Chances are you are reading this article on some sort of computer device. As technologically advanced as that machine may be, it wouldn't exist without the metals and mining industry. In fact, according to the National Mining Association there are 66 individual minerals that are used to build a typical computer. Everything from copper, silver, aluminum, and even gold can be found in the average computer, along with a number of minerals and materials most of us have neither heard of nor can pronounce. Needless to say, the metals and mining industry is vitally important to our technologically advanced society.
What is the metals and mining industry?
The metals and mining industry covers a lot of ground, literally.

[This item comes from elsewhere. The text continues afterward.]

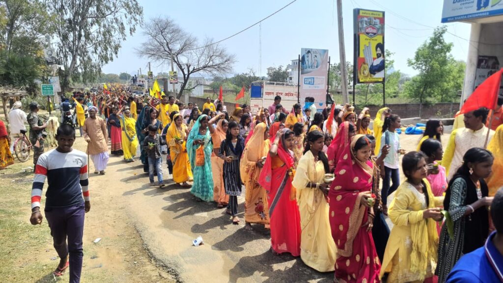 वहीं शोभायात्रा में विशुनपुरा थाना प्रभारी राहुल सिंह पुलिस बल के साथ मुस्तैद रहे।

It is a broad term that refers to the companies mining and processing metals and minerals like copper, aluminum, silver and coal. The companies that take the raw metals ores and minerals out of the ground are also known as the upstream segment of the metals and mining industry. While the midstream and downstream segments take the raw materials produced and converts them into manufacturing feedstocks as well as end products. The largest segment within the metals and mining industry is iron and steel, with the aluminum industry next in line.
How big is the metals and mining industry?
In the U.S. alone more than 14,000 companies mine for coal, metal ores, and other nonmetallic minerals. The industry is estimated to support 2.1 million jobs and contributes $232 billion to GDP.
Worldwide, however, the mining industry is even bigger. South Africa, for example, derives 18% of its GDP from mining and holds an estimated $2.5 trillion worth of mineral reserves. South Africa is the biggest producer of platinum and the world's fifth largest coal producer. Russia is another large mining country as it produces 15% of the world's iron ore and is the third largest exporter of coal. It derives 33% of its GDP from mining. Finally, Australia is another country that heavily relies on its mining industry, which produces 10% of its GDP. Australia contributed 30% of the world's bauxite, which is used in aluminum production, and 15% of the world's nickel supply. Because mining is such a big industry around the world investors need to have a global approach to mining investments.
How does the metals and mining industry work?
The metals and mining industry is very capital intensive, meaning the industry needs to spend a lot of money to construct mines and build production facilities. It also uses a lot of water and chemicals to separate the minerals from rocks and other minerals. In the U.S. alone the mining industry accounts for about 1% of the country's total water consumption.
It takes a very long time to bring a new mine online; in some cases it can take more than a decade from discovery to production. Because of this production growth can be rather lumpy. Further, miners are notorious for spending lots of money to expand capacity during boom times only to have those capacity expansions come online right as the underlying commodity price is crashing, which tends to exacerbate the problem.
That being said, because of the high fixed costs, the metals and mining industry can achieve exceptional operating leverage during boom times. This creates tremendous profitability and strong returns for investors.
What are the drivers of the metals and mining industry?
The metals and mining industry is driven by supply and demand, which in turn drives the commodity prices underlying the industry. Economic growth is vital in supporting the metals and mining industry as most products derived from metals or minerals have long useful lives. If new products are not in demand due to growth then the demand for metals and minerals falls off a cliff. Because of this the metals and mining industry is very cyclical in nature and tends to have extreme boom and bust cycles.
Currently the biggest driver of economic growth in the world is China. In fact, according to analysts at Wood Mackenzie, China will be the single largest consumer of base metals like aluminum, copper, and zinc by 2017. While demand growth in China has slowed from the double digit growth rates of earlier in the decade, its demand growth is still expected to be about 5%-8% per year. Because of this China is expected to account for 52% of the 117 megaton base metal demand in 2017, up from 46% of the 96 megaton market from 2013.
China is clearly a big focus within the metals and mining industry. But the overall health of the global economy also will factor into the industry's outlook. If the global growth outlook weakens it will have a significant impact on the metals and mining industry. Demand for metals doesn't just weaken during recessionary periods, it can dry up altogether. But if global growth exceeds expectations it will be a real boom for the metals and mining industry. Moreover, thanks to its fixed costs the industry will generate large profits for investors during those boom times.